教育とか福祉について考える(3)

教育とか福祉について考える(2)からのつづき

親の義務と子の権利

今の学校には、近代公教育のよき面であった、子どもを早く社会化させるな、という子ども観が失われています。また、知識教育についても、大きな錯覚に陥っていると思います。私たちに、中学校3年生までに教え込まれた知識が、どれだけ残っているでしょうか。実にお寒いかぎりです。そういう知識が、仮に中学校ですべて教え込まれたとしても、同じような結果になるでしょう。小学校一年から営々としてやってきたのと、同じような忘れ方をすると思います。そして、この知育こそ、星子には無縁です。

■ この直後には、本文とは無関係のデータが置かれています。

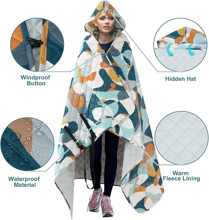 - 【HOODED DESIGN】This waterproof blanket has a hood that can be stuffed into the blanket. When it begins to rain, you can use it as a raincoat. Just put on a hood to cover your whole body and free your hands to deal with your troubles. When it doesn't rain, it can be laid on the grass as a picnic mat, which can accommodate 3-4 adults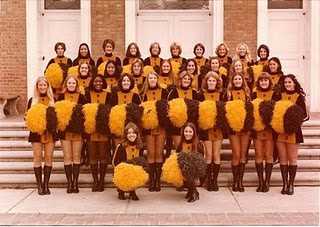 I’m off to my college for Homecoming this weekend, but even bigger ( especially since I haven’t been to one Homecoming in 30 years) is I’m attending because of the 100th Year Anniversary of the Marching Band- of which my Pom Pom Squad was part. More to come on this after the weekend, but in the meantime, here’s a picture of my squad in 1974 at the University of Maryland ( can you find me with my Farrah Fawcett hairstyle which we all had in 1973 on?)

しかし、しつけにしても知育についても、そういう親の考えは、どんなに星子のことを理解しているとしても、親の手前勝手なのです。近代社会の子ども観というのは、そういう親の勝手さに歯止めをかけたはずです。歯止めをかけることによって、子どもの権利が鮮明になってきます。親のみならず社会も、子どもに対して義務を負うことによって、子どもの権利が保障されることになります。役所のメリットは、融通のきかない画一主義が、人々の権利の保障をめぐって発揮されることにあります。例外なしの機会均等の保障です。

それで私が、星子は今の学校と無関係であるという立場から、一歩進んで、星子を学校に行かせないというのであれば、私は星子の権利を、理由がどうであろうと侵害していることになり、社会はそれを見逃してはいけないのです。そのための罰則もきちんとあるのですから。ただし、理由いかんによっては、子どもの権利の代行者でもある親のほうから、就学免除願いや猶予願いを出すことがあります。

私は、今の学校は星子にふさわしくないから行かせたくないと言っているだけなのですから、そういう願いを書く必要を認めません。そのかわり、罰を受けなければ星子の人権は守れないことになります。そういう願いを出さなければ、星子は未措置児童となって、厳密に言えば行政監査の対象になり得る。つまり、行政の怠慢になるのですから、何らかの結着がつけられなければいけないのです。罰と言っても何千円かの罰金です。子どもを学校にやらない罰が何千円ですむのかどうか。結局は、子どもを学校に行かせない親は今はほとんどいないということが、この罰金の額に反映されているのだと思います。私は、その罰も受けずに二年経たわけです。免除願いも猶予願いも出していないので、その間、星子は未措置児童でした。裏でどのような処理がなされたのか知りません。そういう裏処理をしてはならないと思うので、やっぱり腹立しいですね。

障害児学級へ入れるということ

星子は養護学校対象児ですらないのです。教育委員会は、初年度就学期に、何の提案もしませんでした。親がどう反応するかは別として、行政側は、何らかの措置提案をする義務があります。私たち夫婦は、何のお願いもしておりません。ただ、「就学猶予願いは書きません」と言っただけです。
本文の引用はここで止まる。